I first became interested in bioinformatics and computational biology while pursuing my master’s degree in medical physiology and pharmacology. Although I had a solid background in cell and molecular biology, I was quickly overwhelmed by the sheer volume and variety of data that bioinformaticians must navigate—genomic, epigenomic, transcriptomic, proteomic, metabolomic data, and more!
Without a clear mental model for how these different data types relate to one another, gaining a firm understanding of the field was challenging. I initially focused heavily on next-generation sequencing (NGS) data, including DNA sequencing, bulk RNA sequencing, and single-cell RNA sequencing, often at the expense of exploring other omics technologies. However, it soon became apparent that to tackle the research questions I was investigating, I needed to familiarize myself with ChIP-seq, ATAC-seq, and other data types. This realization pushed me to develop a comprehensive framework for understanding these various data types.
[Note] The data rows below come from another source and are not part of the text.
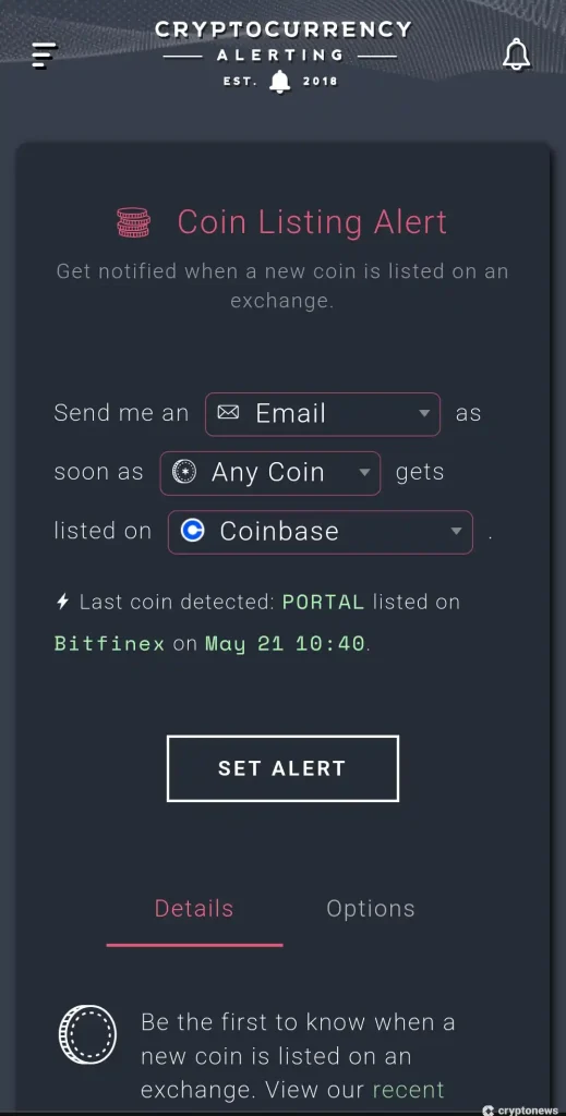 您可以使用CryptocurrencyAlerting來設置電子郵件、簡訊、Telegram和Discord的提醒,以便獲知新的Coinbase上市信息。您還可以關注X上的@BCListingAlerts帳號,該帳號發布關於Coinbase和幣安所有新代幣上市的警報帖子。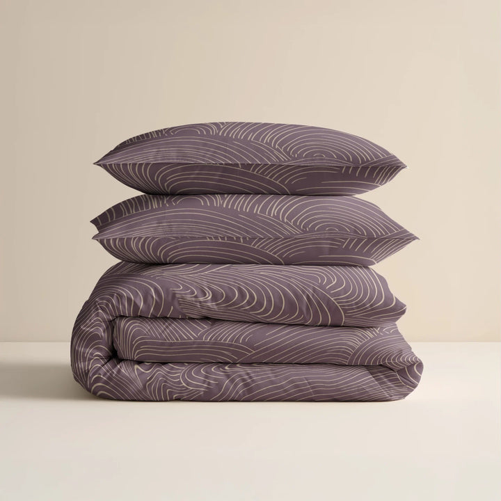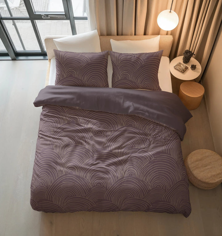 Breng een elegante en serene uitstraling in je slaapkamer met het Sleeptime Dreamscape dekbedovertrek. Het golvende patroon in warme mauve- en paarstinten geeft het geheel een moderne en harmonieuze look. De effen onderzijde zorgt voor een rustig contrast en een uitgebalanceerd geheel. Dit ontwerp ademt luxe en verfijning, zonder overdadig te zijn. Ideaal voor wie houdt van een stijlvolle slaapkamer met een vleugje warmte en rust.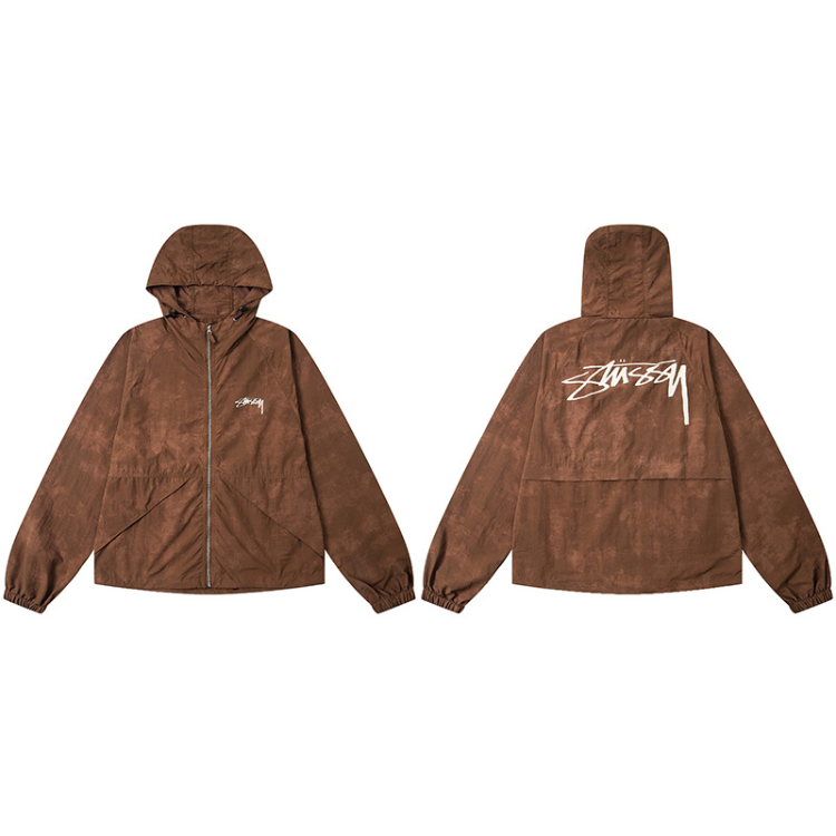 Stussy new casual loose-fitting letter print windbreaker hooded jacket-5274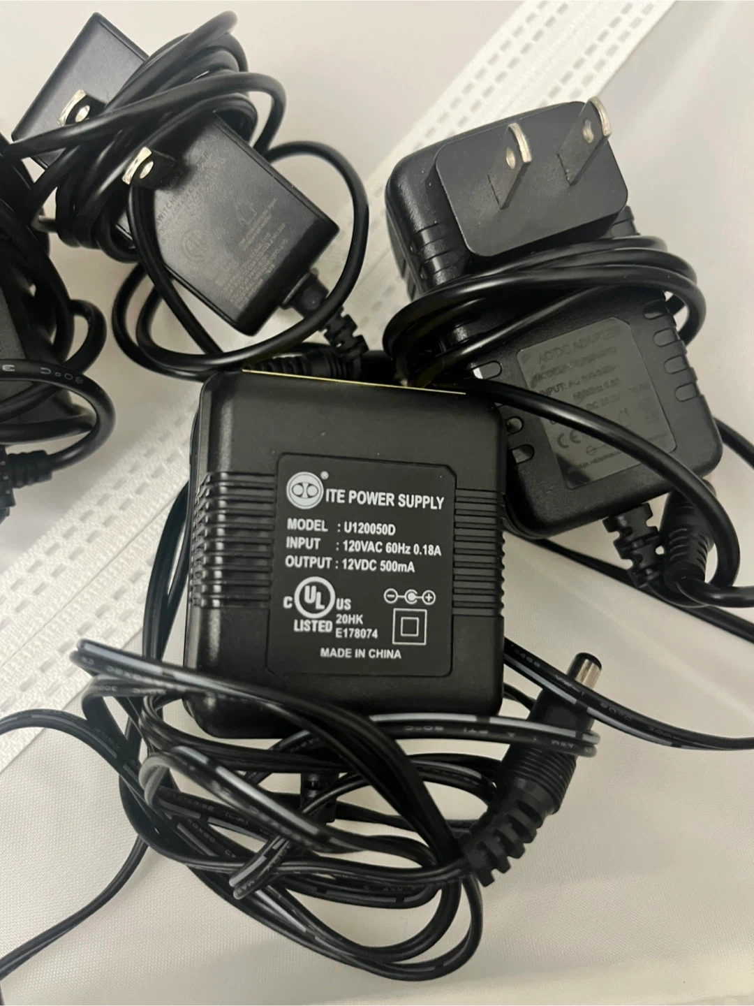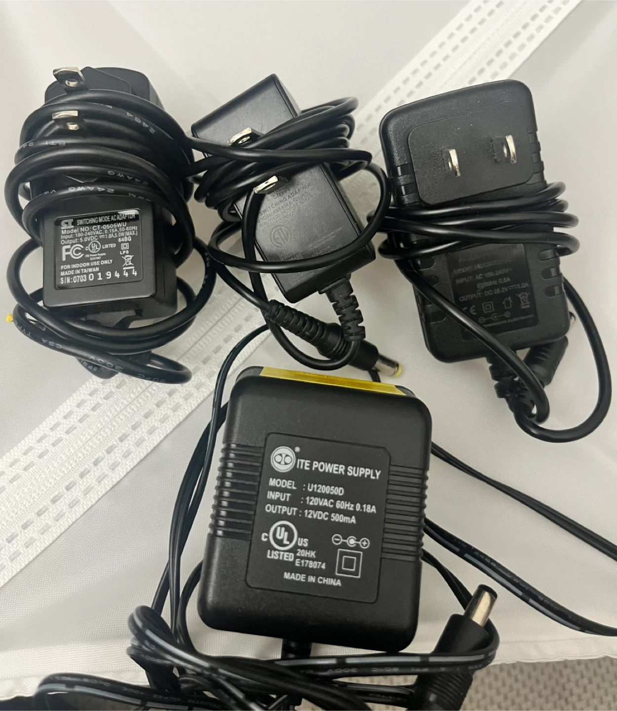 Bundle of four AC/DC power adapters with various models and output specs. Input: 100-240VAC. Outputs include 5VDC 1A, 25.2V 1A, 12V 500mA, and 12V 600mA. These are essential for powering a range of electronic devices.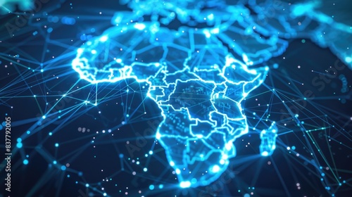 Digital map of Africa, concept of global network and connectivity, high speed data transfer and cyber technology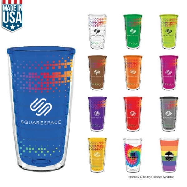 ::Renowned Tritan (TM) plastic is crystal clear and impact & shatter resistant::Decoration is sealed between the two walls; protecting it from wear::Which is your favorite decoration: Clear or colored? Embroidered or dome?::Optional inserts: glitter, diamond and chrome::Optional gift boxes available for additional fee: single, 2-pack or 4-pack::Double wall: does not sweat when cold or burn your hand when hot::Dishwasher, freezer, and microwave-safe::Optional lid and matching 9" straw for additional charge. ::Made in the USA::BPA Free, meets FDA requirements, and Proposition 65 Compliant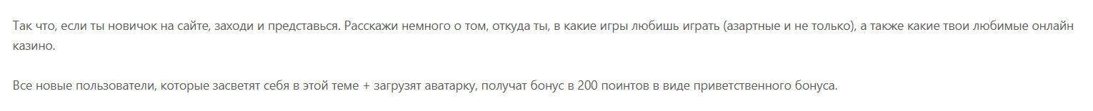 Чтобы получить 200 поинтов вам нужно выполнить : Расскажите немного о себе: представьтесь, откуда Вы, в какие игры любите играть (азартные и не только), а также какие Ваши любимые онлайн-казино?
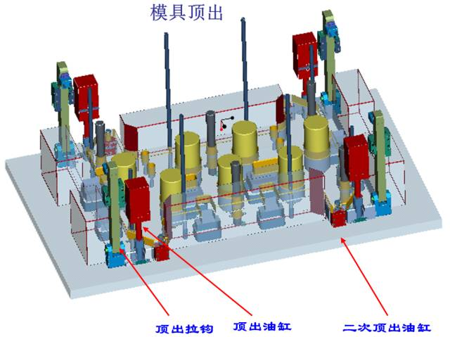 (1)第一級頂出采用4個油缸頂出同前模同步運動頂出60MM,4個拉鉤為輔助機構;

In this article, we’ll explore the mutual information shared between different omics data types, the biological processes and stimuli that trigger changes in these measurements, and the timescales on which these changes occur. We’ll also examine potential cause-and-effect relationships among the different types of measurements. By delving into these topics, we aim to provide a holistic understanding of how various omics measurements and technologies interconnect, equipping you with a strong mental model for interpreting multi-omics research and analyzing new data.
🧬 An Overview of Multi-Omics Measurements and Their Timescales
The first step to understanding multi-omics data is to grasp what each data type represents in isolation and recognize the different timescales on which each biological process operates. In this section, I’ll explain what each type of data represents and what it means if you capture that data at a specific moment in time.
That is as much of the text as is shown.